GRIGGIO, Federico (Via Irpinia 43, pd Saonara, I-35020, IT)
GRIGGIO, Stefano (Via Irpinia 43, pd Saonara, I-35020, IT)
GRIGGIO, Federico (Via Irpinia 43, pd Saonara, I-35020, IT)
| CLAIMS 1. Press for moulding and injecting thermoplastic materials, comprising a worm screw housed in a cylinder (1) provided with a nozzle (1.1) suited to be coupled and connected with the mould (2), characterized in that it is provided with one or more fume and vapour suction openings (4) in proximity to said nozzle (1.1) and/or to the areas where said fumes and vapours are emitted, and wherein said suction openings (4) are connected with at least one duct (5) that in turn is suited to be connected with any type of suction and purification system (6). 2. Moulding press according to claim 1, characterized in that said duct (5) is positioned beside the cylinder (1) of the press. 3. Moulding press according to claims 1, 2, characterized in that said duct (5) is provided with a stop valve suited to close the suction openings (4) of the moulding press and thus interrupt suction. 4. Moulding press according to claim 3, used in combination with other identical presses, characterized in that said stop valve closes the suction openings (4) of the moulding press and thus interrupts suction in favour of the other suction openings of the other moulding presses connected with the same suction and purification system (6). 5. Moulding press according to claims 1, 2, characterized in that said duct (5) is provided with an air flow limiting or dividing valve (7) that is suited to limit the intake of the suction openings (4) of the moulding press. 6. Moulding press according to claim 5, used in combination with other identical presses, characterized in that said air flow limiting or dividing valve (7) limits the intake of the suction openings (4) of the moulding press in favour of the other suction openings of the other moulding presses connected with the same suction and purification system (6). 7. Moulding press according to the preceding claims, used in combination with other identical presses, characterized in that said stop valves and/or said air flow limiting or dividing valves (7) are controlled by a mechanical and/or electrical and/or electronic system that supervises the various injection stages of the various moulding presses as well as said valves and said suction and purification system (6). |
MATERIALS DESCRIPTION
The present patent relates to presses for moulding thermoplastic materials and particularly concerns a new system for extracting the fumes and vapours released during the injection of such thermoplastic substances in the moulds.

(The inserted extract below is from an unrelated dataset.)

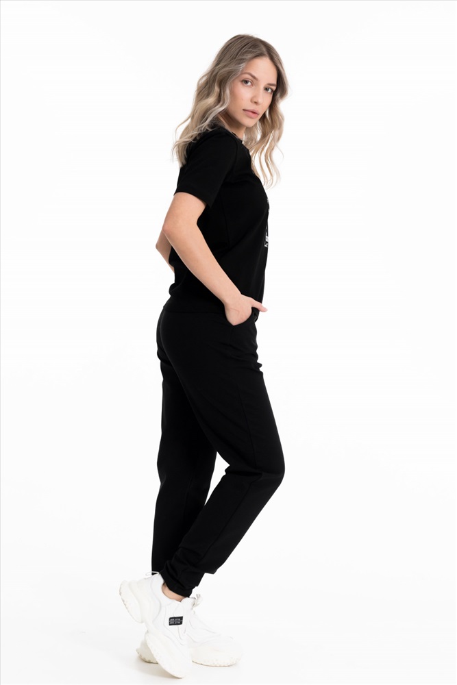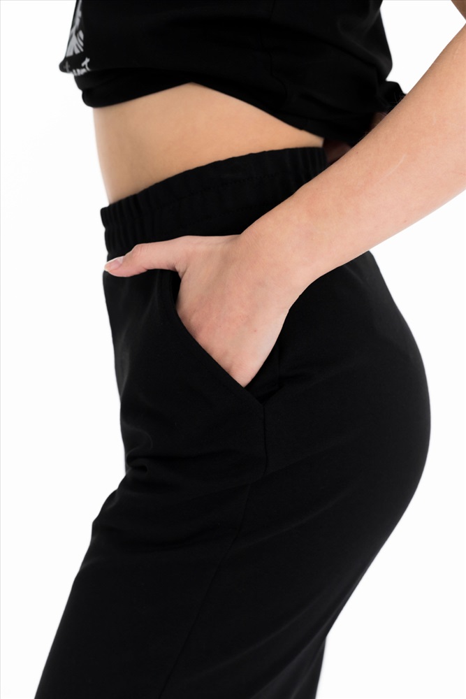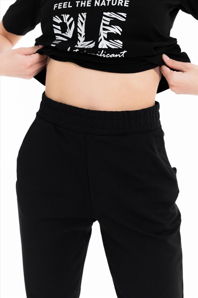 Брюки женские выполнены из футера с лайкрой черного цвета. С боковыми карманами и поясом на резине. Силуэт брюк заужен внизу, сзади и спереди прошиты вытачки как декоративный элемент.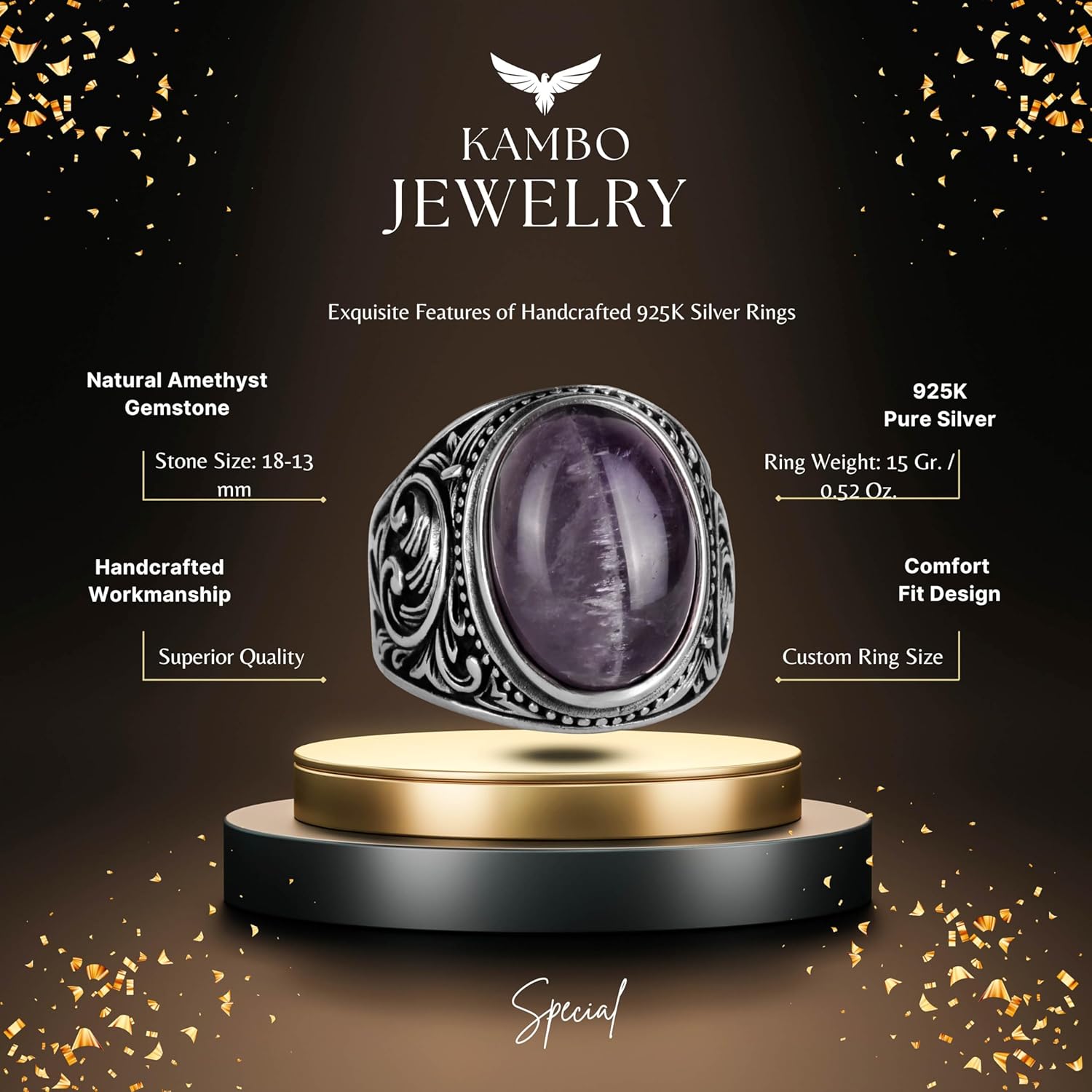 El Yapımı Doğal Ametist Taşlı Yüzük - 925K Katı Gümüş Erkek Yüzüğü - Sezgi ve Koruma Tasarımı

Numerous articles are made using thermoplastic materials.
The manufacture of such articles entails the heating of granules of thermoplastic material inside heated screw conveyors that inject the fluidified thermoplastic material into suitable moulds. After the thermoplastic material has been injected and subsequently allowed to cool adequately, each mould is opened to extract the article thus formed.
With each injection, the vapours and fumes generated by the injected thermoplastic material can escape from the contact surfaces between the mould and the injection press and, through the hole in the nozzle, spread into the surrounding environment.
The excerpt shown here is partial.